Dr. Johnson put me in mind, that, at St. Andrews, I had defended my profession very well, when the question had again been started, Whether a lawyer might honestly engage with the first side that offers him a fee. ’Sir, (said I,) it was with your arguments against Sir William Forbes[217]: but it was much that I could wield the arms of Goliah.’
He said, our judges had not gone deep in the question concerning literary property. I mentioned Lord Monboddo’s opinion, that if a man could get a work by heart, he might print it, as by such an act the mind is exercised. JOHNSON. ’No, Sir; a man’s repeating it no more makes it his property, than a man may sell a cow which he drives home.’ I said, printing an abridgement of a work was allowed, which was only cutting the horns and tail off the cow. JOHNSON. ’No, Sir; ’tis making the cow have a calf[218].’
About eleven at night we arrived at Montrose. We found but a sorry inn, where I myself saw another waiter put a lump of sugar with his fingers into Dr. Johnson’s lemonade, for which he called him ‘Rascal!’ It put me in great glee that our landlord was an Englishman. I rallied the Doctor upon this, and he grew quiet[219]. Both Sir John Hawkins’s and Dr.
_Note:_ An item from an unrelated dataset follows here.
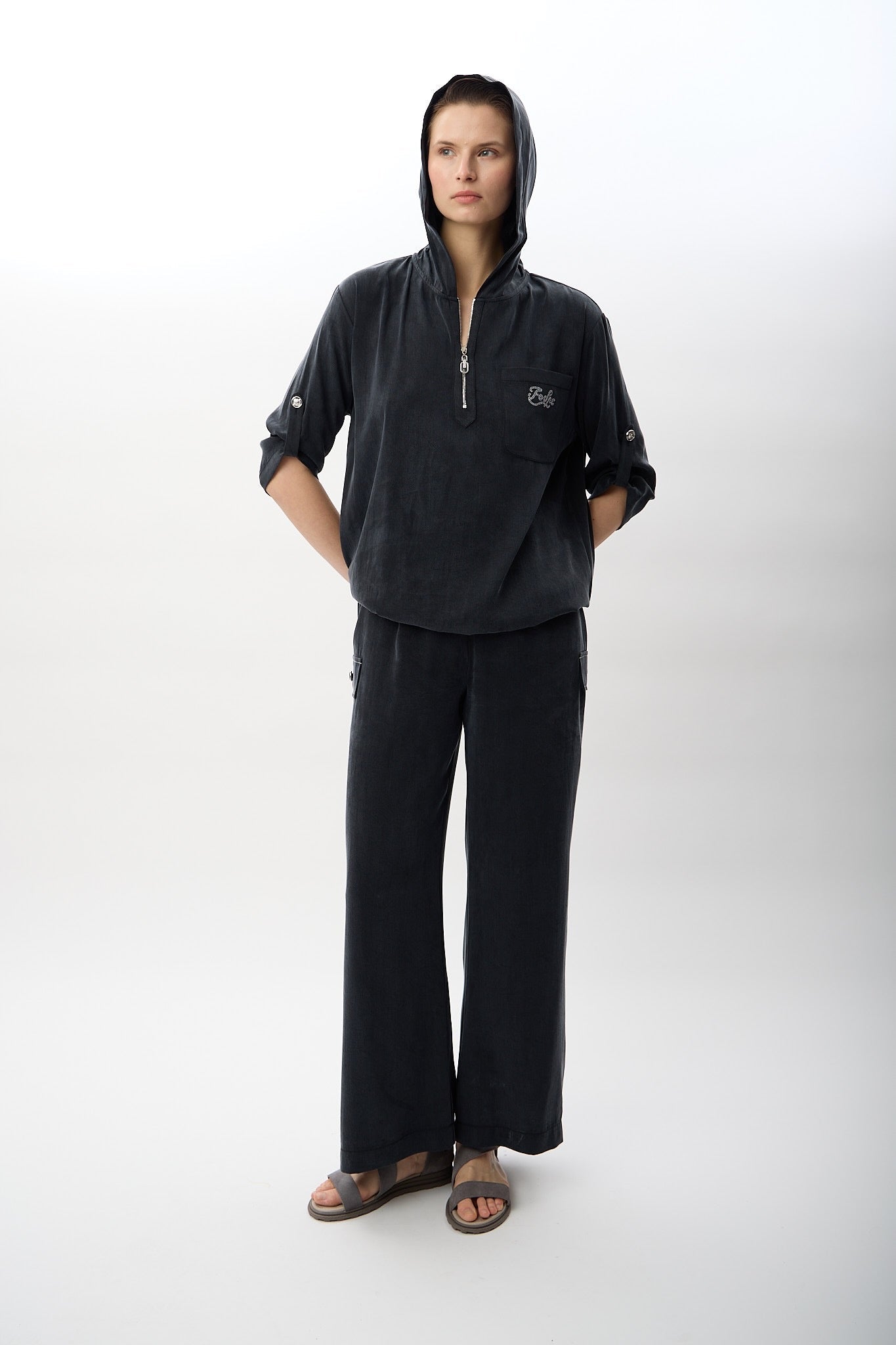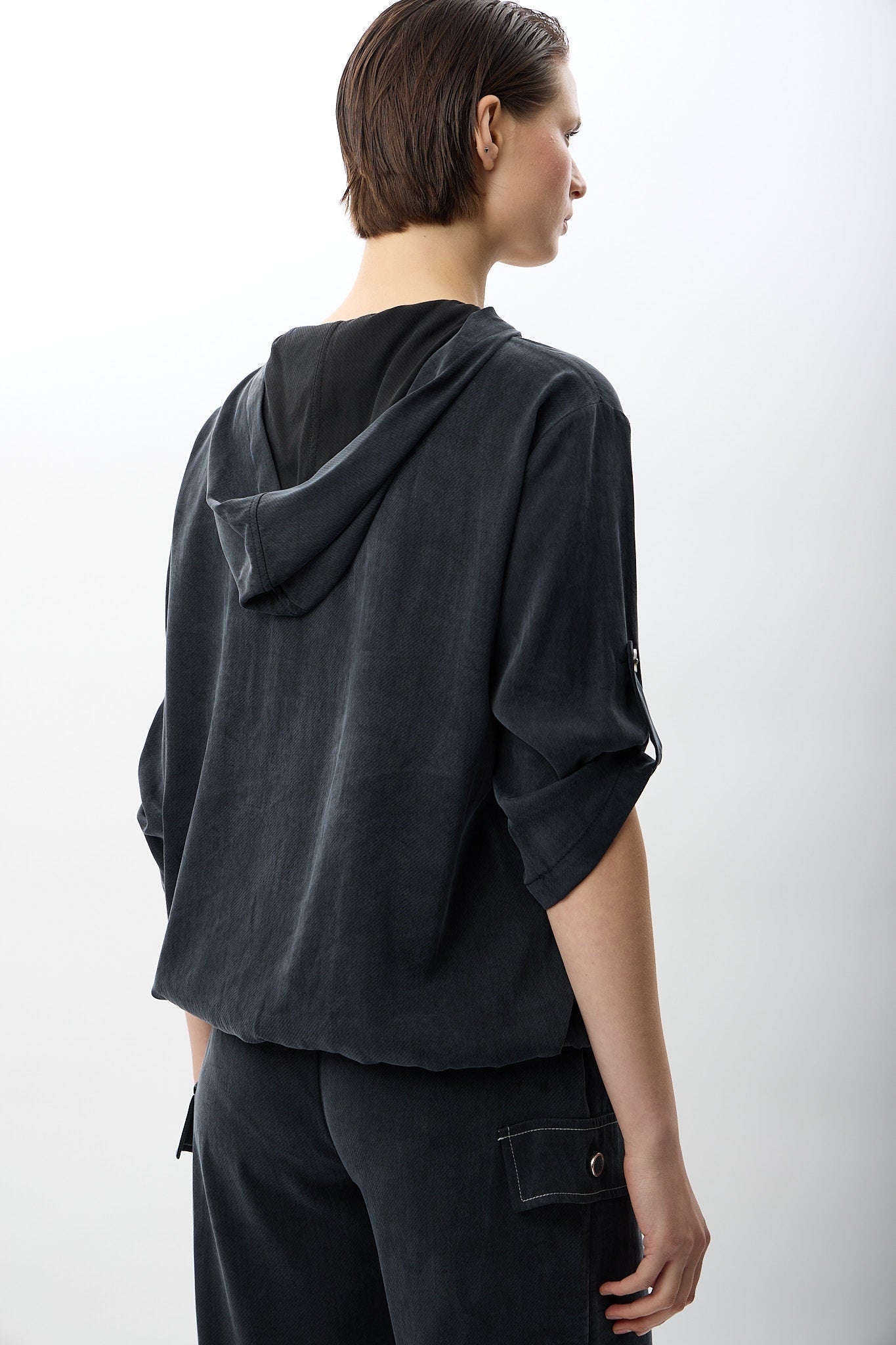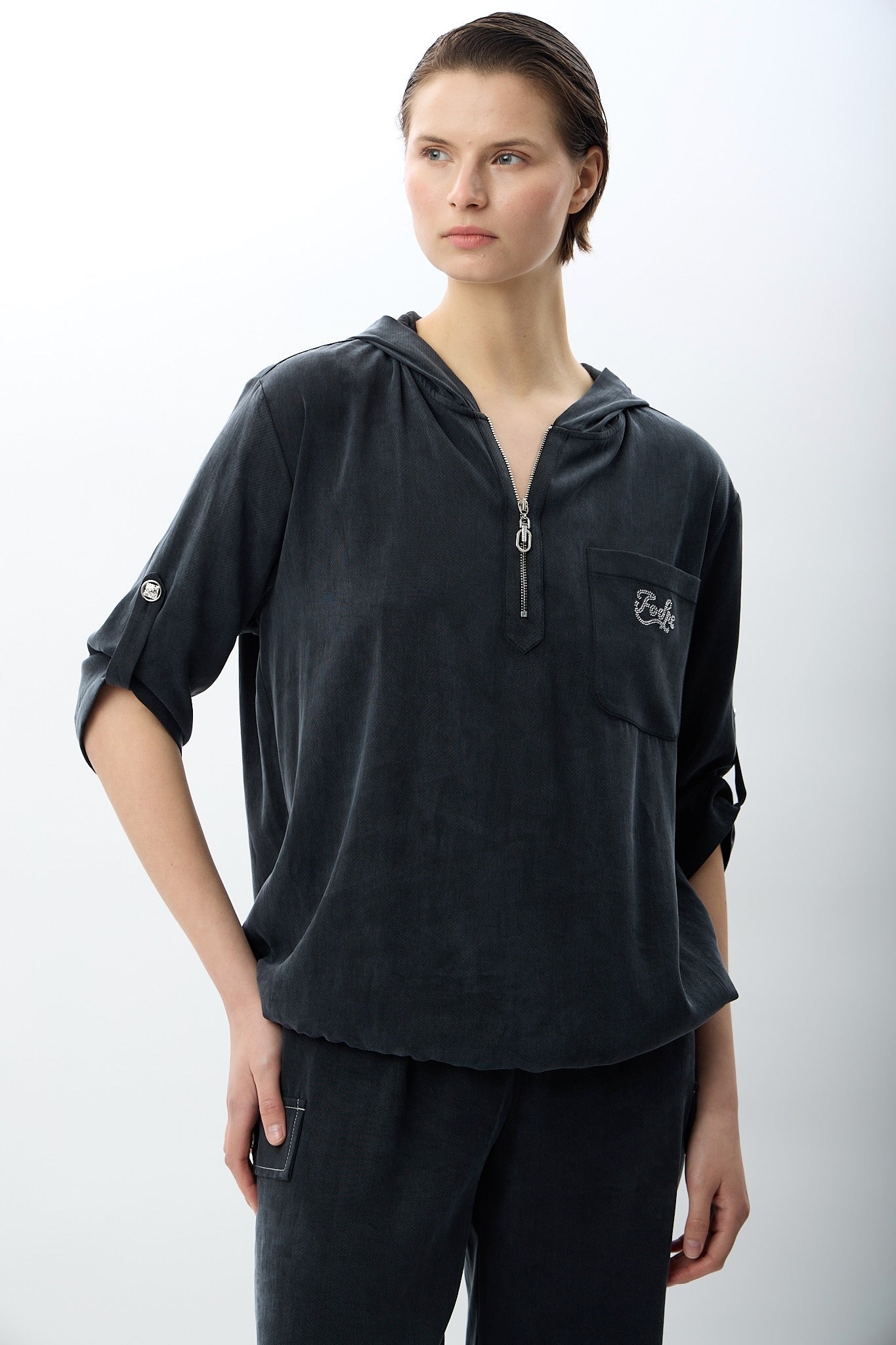Fonksiyonel şıklığı ön planda tutan bu kapüşonlu bluz, modern şehir yaşamı için ideal bir tamamlayıcıdır. %82 liyosel ve %18 PA içeriğiyle hafif, yumuşak dokulu ve nefes alabilen bir yapı sunar. Kapüşon detayı, hem stil hem de hava koşullarına karşı koruma sağlarken; cepli tasarımı günlük kullanımda pratiklik kazandırır. Fermuarlı kapama ve kemerli kol detayları sayesinde sportif bir görünümle birlikte güçlü bir stil vurgusu elde edilir. Bahar ve yaz mevsimlerinde rahatlıkla tercih edilebilir.

Burney’s History of Musick had then been advertised. I asked if this was not unlucky: would not they hurt one another? JOHNSON. ’No, Sir. They will do good to one another. Some will buy the one, some the other, and compare them; and so a talk is made about a thing, and the books are sold.’
He was angry at me for proposing to carry lemons with us to Sky, that he might be sure to have his lemonade. ’Sir, (said he,) I do not wish to be thought that feeble man who cannot do without any thing. Sir, it is very bad manners to carry provisions to any man’s house, as if he could not entertain you. To an inferior, it is oppressive; to a superior, it is insolent.’